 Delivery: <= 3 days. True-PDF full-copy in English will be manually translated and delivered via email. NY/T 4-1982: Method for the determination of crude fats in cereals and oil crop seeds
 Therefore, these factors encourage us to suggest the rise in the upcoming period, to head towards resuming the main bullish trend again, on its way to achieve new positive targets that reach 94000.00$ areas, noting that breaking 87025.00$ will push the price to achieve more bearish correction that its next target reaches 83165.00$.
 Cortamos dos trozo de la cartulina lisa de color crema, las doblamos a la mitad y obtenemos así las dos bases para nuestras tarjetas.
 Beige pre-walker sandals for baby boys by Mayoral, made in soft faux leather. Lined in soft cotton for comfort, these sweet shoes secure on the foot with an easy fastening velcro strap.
· · · · · · ·
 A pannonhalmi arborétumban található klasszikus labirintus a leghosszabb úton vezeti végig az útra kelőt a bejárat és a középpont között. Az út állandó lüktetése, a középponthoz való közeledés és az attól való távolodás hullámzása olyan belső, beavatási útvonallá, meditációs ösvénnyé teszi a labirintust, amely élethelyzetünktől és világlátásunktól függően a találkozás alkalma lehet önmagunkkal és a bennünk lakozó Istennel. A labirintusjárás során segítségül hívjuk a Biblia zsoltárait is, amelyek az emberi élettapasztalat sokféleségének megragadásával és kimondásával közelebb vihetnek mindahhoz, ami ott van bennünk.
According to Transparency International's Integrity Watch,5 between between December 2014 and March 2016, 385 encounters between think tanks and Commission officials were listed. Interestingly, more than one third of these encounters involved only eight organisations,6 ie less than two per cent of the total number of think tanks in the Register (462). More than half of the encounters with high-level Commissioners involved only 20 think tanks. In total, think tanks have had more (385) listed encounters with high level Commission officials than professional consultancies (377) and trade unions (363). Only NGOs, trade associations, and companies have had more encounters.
· · · · · · ·
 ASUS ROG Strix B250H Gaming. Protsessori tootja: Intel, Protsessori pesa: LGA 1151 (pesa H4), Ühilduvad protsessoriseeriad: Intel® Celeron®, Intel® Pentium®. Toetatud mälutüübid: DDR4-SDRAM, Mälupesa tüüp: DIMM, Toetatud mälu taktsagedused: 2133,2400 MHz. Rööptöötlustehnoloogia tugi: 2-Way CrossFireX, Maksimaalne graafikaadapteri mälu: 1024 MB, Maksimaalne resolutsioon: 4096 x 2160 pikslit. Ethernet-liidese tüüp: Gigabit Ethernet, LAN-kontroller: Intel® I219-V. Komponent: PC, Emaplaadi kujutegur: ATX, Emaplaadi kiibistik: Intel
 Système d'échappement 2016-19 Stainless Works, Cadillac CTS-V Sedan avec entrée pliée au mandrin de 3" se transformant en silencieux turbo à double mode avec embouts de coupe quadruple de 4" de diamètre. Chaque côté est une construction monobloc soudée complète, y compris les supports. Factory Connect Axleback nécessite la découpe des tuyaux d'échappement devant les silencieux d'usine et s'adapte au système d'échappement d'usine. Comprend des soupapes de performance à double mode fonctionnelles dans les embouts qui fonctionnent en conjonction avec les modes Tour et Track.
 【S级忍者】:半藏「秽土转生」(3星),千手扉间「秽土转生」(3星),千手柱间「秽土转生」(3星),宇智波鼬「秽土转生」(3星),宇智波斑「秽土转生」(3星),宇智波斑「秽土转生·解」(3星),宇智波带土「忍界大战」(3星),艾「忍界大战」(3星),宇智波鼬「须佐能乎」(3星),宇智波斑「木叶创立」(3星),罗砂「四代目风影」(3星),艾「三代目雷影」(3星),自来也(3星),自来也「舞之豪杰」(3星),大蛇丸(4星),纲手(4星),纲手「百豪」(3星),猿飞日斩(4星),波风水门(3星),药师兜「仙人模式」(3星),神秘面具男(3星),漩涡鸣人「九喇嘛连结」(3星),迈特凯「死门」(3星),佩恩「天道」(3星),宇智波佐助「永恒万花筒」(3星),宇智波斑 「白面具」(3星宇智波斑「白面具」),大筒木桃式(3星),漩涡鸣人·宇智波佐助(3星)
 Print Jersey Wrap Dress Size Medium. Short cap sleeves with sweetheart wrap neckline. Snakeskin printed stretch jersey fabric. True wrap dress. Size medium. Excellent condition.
· · · · · · ·
* Your task:
Go through the material and select each line with the string "True" in it.

* Worked solution:
 Delivery: <= 3 days. True-PDF full-copy in English will be manually translated and delivered via email. NY/T 4-1982: Method for the determination of crude fats in cereals and oil crop seeds
 Print Jersey Wrap Dress Size Medium. Short cap sleeves with sweetheart wrap neckline. Snakeskin printed stretch jersey fabric. True wrap dress. Size medium. Excellent condition.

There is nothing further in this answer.